The second term in Eq. (9) corresponds to the negative reconstruction error that, summed over a batch of samples, is proportional to the mean squared error (MSE) between the input xⁱ and its reconstruction given the probabilistic encoder and decoder. The authors in²² state that for batch-sizes M > 100 it is sufficient to sample ϵ once which is adopted in our implementation. By calculating the lower bound for a batch of M samples X^M ⊂ X they construct the estimator of ${\mathcal{L}}$:

$${\mathcal{L}}(\theta ,\phi ;{\bf{X}})\simeq {{\mathcal{L}}}^{M}(\theta ,\phi ;{{\bf{X}}}^{M})=\frac{N}{M}\mathop{\sum }\limits_{i=1}^{M}\tilde{{\mathcal{L}}}(\theta ,\phi ;{{\bf{x}}}^{i}),$$

(12)

where

$$\tilde{{\mathcal{L}}}(\theta ,\phi ;{{\bf{x}}}^{i})= -{D}_{\text{KL}}({q}_{\phi }({\bf{z}}| {{\bf{x}}}^{i})\parallel {p}_{\theta }({\bf{z}}))\\ +{\mathrm{log}}\,({p}_{\theta }({{\bf{x}}}^{i}| {g}_{\phi }({\epsilon }^{i},{{\bf{x}}}^{i}))).$$

(13)

We use the gradients ${\nabla }_{\theta ,\phi }{{\mathcal{L}}}^{M}(\theta ,\phi ;{{\bf{X}}}^{M},\epsilon )$ for the SWATS optimization procedure⁴⁸, beginning the training with the Adam optimizer⁴⁹ and switching to stochastic gradient descent. Practically, the maximization of the lower bound is turned into the minimization of the positive D_KL and the MSE such that the loss function of the VAE L ∝ D_KL + MSE. In our approach, we introduce a multiplicative factor B for D_KL to tune the relative importance of both terms. The authors in⁵⁰ introduce a similar factor β, but their goal is to disentangle the latent code by choosing β > 1 such that each dimension is more closely related to features of the output.
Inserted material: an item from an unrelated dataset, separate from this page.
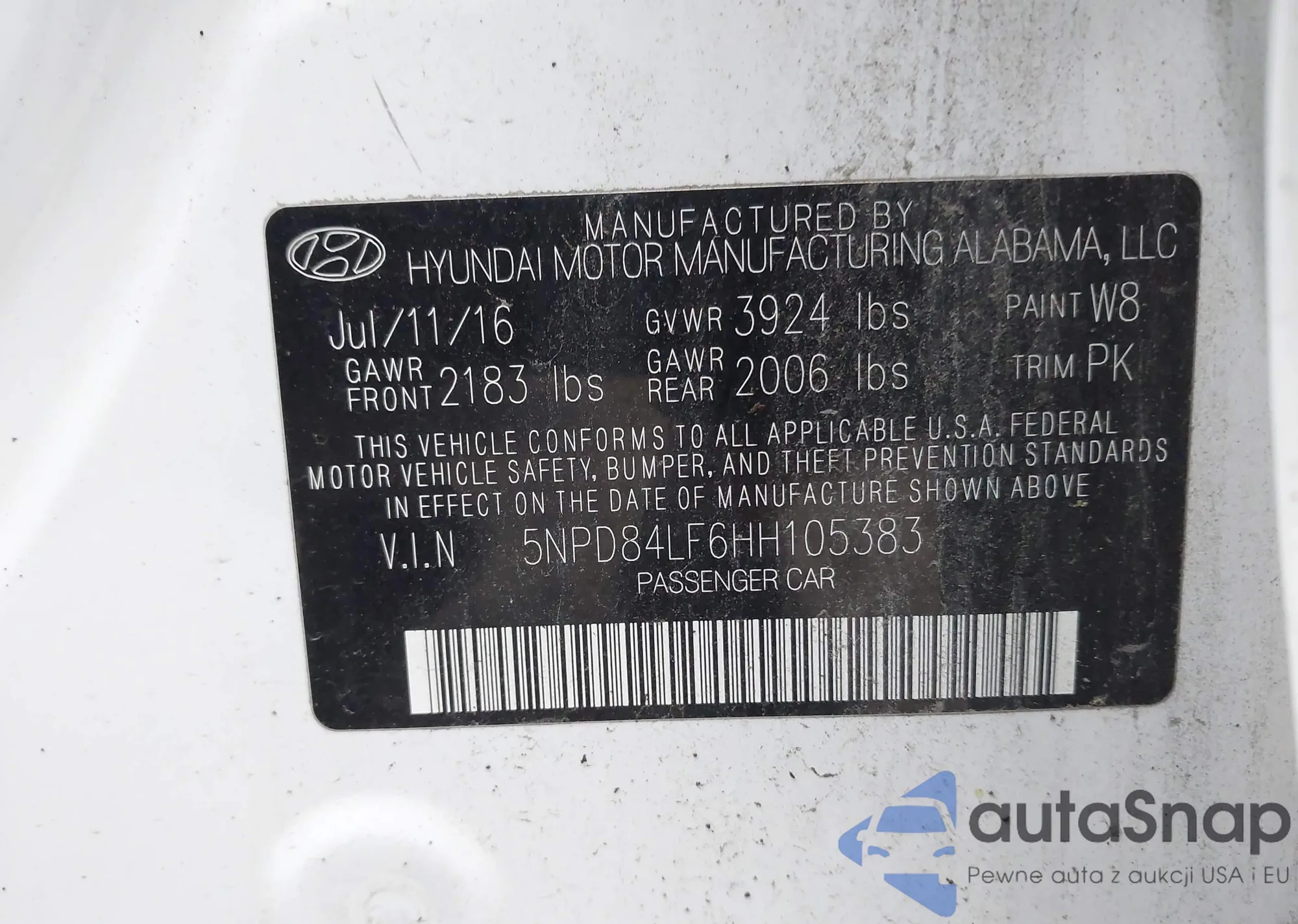 • VIN 5NPD84LF6HH105383

In contrast, we choose B ≪ 1 to emphasize a good reconstruction. The loss function of the VAE can subsequently be written as

$$L=\frac{1}{M}\mathop{\sum }\limits_{i=1}^{M}(1-B)\cdot \,{\text{MSE}}+B\cdot {D}_{\text{KL}}.$$

(14)

This however also implies that D_KL(q_ϕ(z∣x)∥p_θ(z)) is less important, i.e., there is a much smaller penalty when the latent code distribution deviates from a standard Gaussian. This incentivizes narrower Gaussians because the mean squared error for a single event reconstruction grows as the sampling of the Gaussians in latent space occur further from the mean. Note that for B = 0 one obtains the same loss function as for a standard autoencoder⁵¹: the reconstruction error between input and output. Although the standard deviations will be small, the VAE will still maintain its explicit probabilistic character because it contains probabilistic nodes whose outputs are taken to be the mean and logarithmic variance, while the standard autoencoder does not.

The encoders and the decoders of our VAEs have the same architectures consisting of four (toy model and Z → l⁺l⁻) or six hidden layers ($pp\to t\bar{t}$) with 128 neurons each and shortcut connections between every other layer^52,53. We choose B = 3 ⋅ 10⁻⁶ for the toy model and Z → l⁺l⁻. The number of latent space dimensions is nine for the toy model and 10 for Z → l⁺l⁻. For the toy model we use a simple training procedure using the Adam optimizer with default values for 100 epochs. For Z → l⁺l⁻ we employ a learning rate scheduling for 7 × 80 epochs and SWATS⁴⁸, i.e., switching from Adam to SGD during training.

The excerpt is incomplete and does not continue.